Input parser expected literal error; issue loading arrays


Hello All,

I created a one dimensional array using:

AQL% CREATE ARRAY raw1new <X:double,Y:double,filename: string>[i];

and I then attempted to load my .scidb file into this array, and I received this error:

AQL% LOAD raw1new FROM '/home/scidb/Desktop/Final/output/graphs/NewSciDB/2.scidb';
UserException in file: src/query/ops/input/InputArray.cpp function: end line: 49
Error description: Import error.

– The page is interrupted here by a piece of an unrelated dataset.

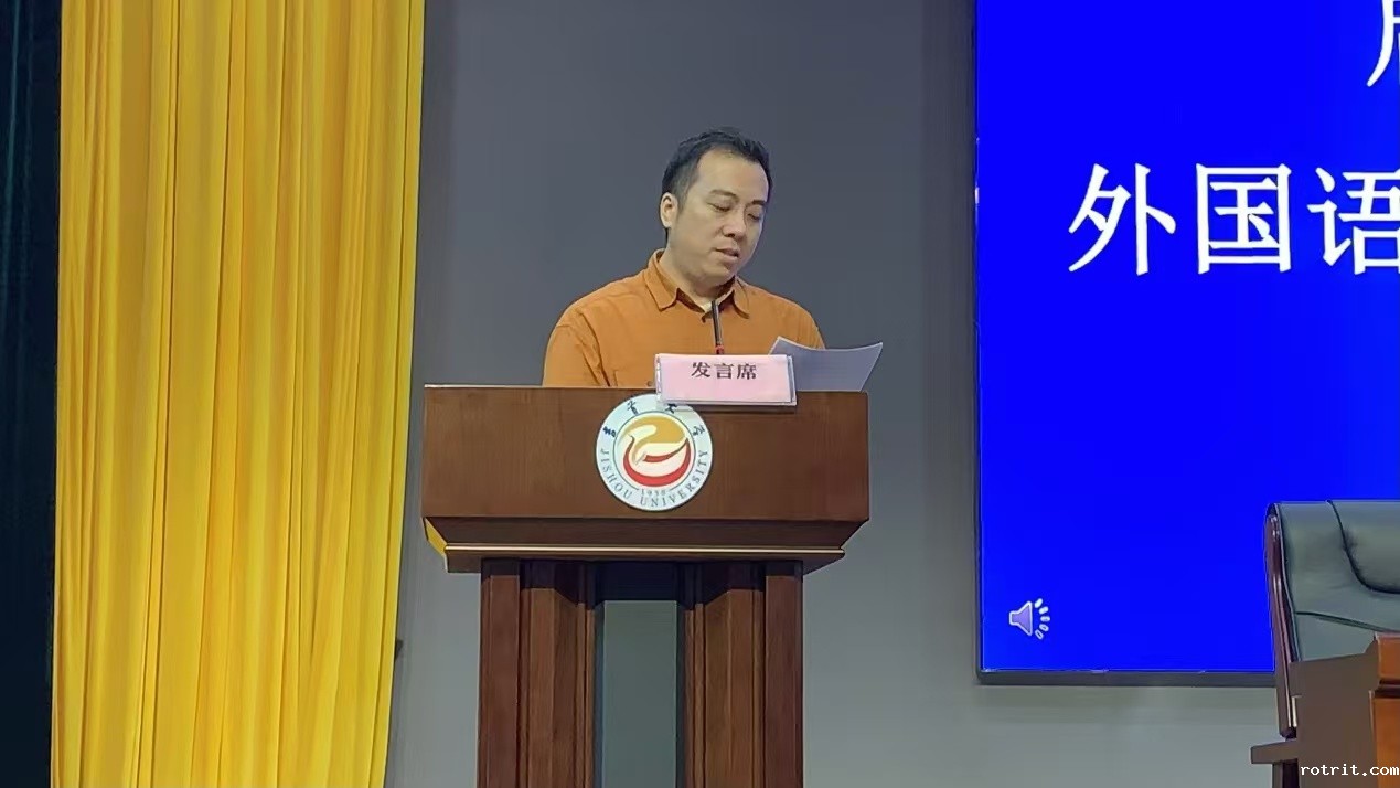 大会伊始,全体起立,奏唱国歌。在校生代表2021级英语(师范)专业张瑞芳首先发言,她分享了自己大学学习和生活经历,鼓励新生们积极融入大学生活,勇于探索和挑战自我。紧接着,本科新生代表2024级商务英语专业贺娜和研究生新生代表24级翻译硕士李金洋分别发言,他们表达了对未来学习和生活的期待与憧憬。教师代表刘锋博士在发言中强调了学院的教育理念和学术追求,鼓励新生们在学术探索中不断进步。外教代表Tu-Kwon Thomas老师通过研究生张婷宇同学的交替传译,向新生们传达了外语学习和具备国际视野的重要性和跨文化交流的价值。

Import from file '/home/scidb/Desktop/Final/output/graphs/NewSciDB/2.scidb' (instance 0) to array 'raw1new' failed at line 603, column 1, offset 14773, value='2.dat': Input parser expected literal.
Failed query id: 1100853483146

It’s a 3 column x 600 row file, where the 3rd column consists of strings, with rows of the form “(#,#,1.dat)”.

It seems like a very simple sort of issue, but I can’t figure out how to get this file to upload properly. Any help would be greatly appreciated.



Anthony -

A couple of things:

  1. When you use an unadorned dimension name in the CREATE ARRAY ... statement, SciDB is obliged to make a number of assumptions about the dimension. The engine assumes that your dimension values start at zero and have an unbounded size. The engine also guesses at the chunking - 500,000 cells per chunk, or about 4 Meg per chunk.

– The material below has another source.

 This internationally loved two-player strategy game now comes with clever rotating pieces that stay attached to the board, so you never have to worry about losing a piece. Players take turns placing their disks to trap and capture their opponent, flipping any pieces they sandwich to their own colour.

$ iquery -aq "CREATE ARRAY foo < a1 : int64 > [I]" Query was executed successfully $ iquery -aq "show ( foo )" [("foo<a1:int64> [I=0:*,500000,0]")]

  1. I suspect that you have a malformed load file. What do lines 600 through to the end of the load file look like?





Could you post a few lines of the scidb load file.
I assume you have put the CSV file through csv2scidb first, and you are trying to load the output of csv2scidb.
Do the string attributes appear with quotes (single quotes)?



I am learning how to use scidb ,and i have the same problem as you do.

I created a one dimensional array

AQL% CREATE ARRAY A <…losts of attributes…>[ i=0:*,100000,0 ]

and i have put the CSV file through csv2scidb first, but the string attributes not appear with quotes ,why ?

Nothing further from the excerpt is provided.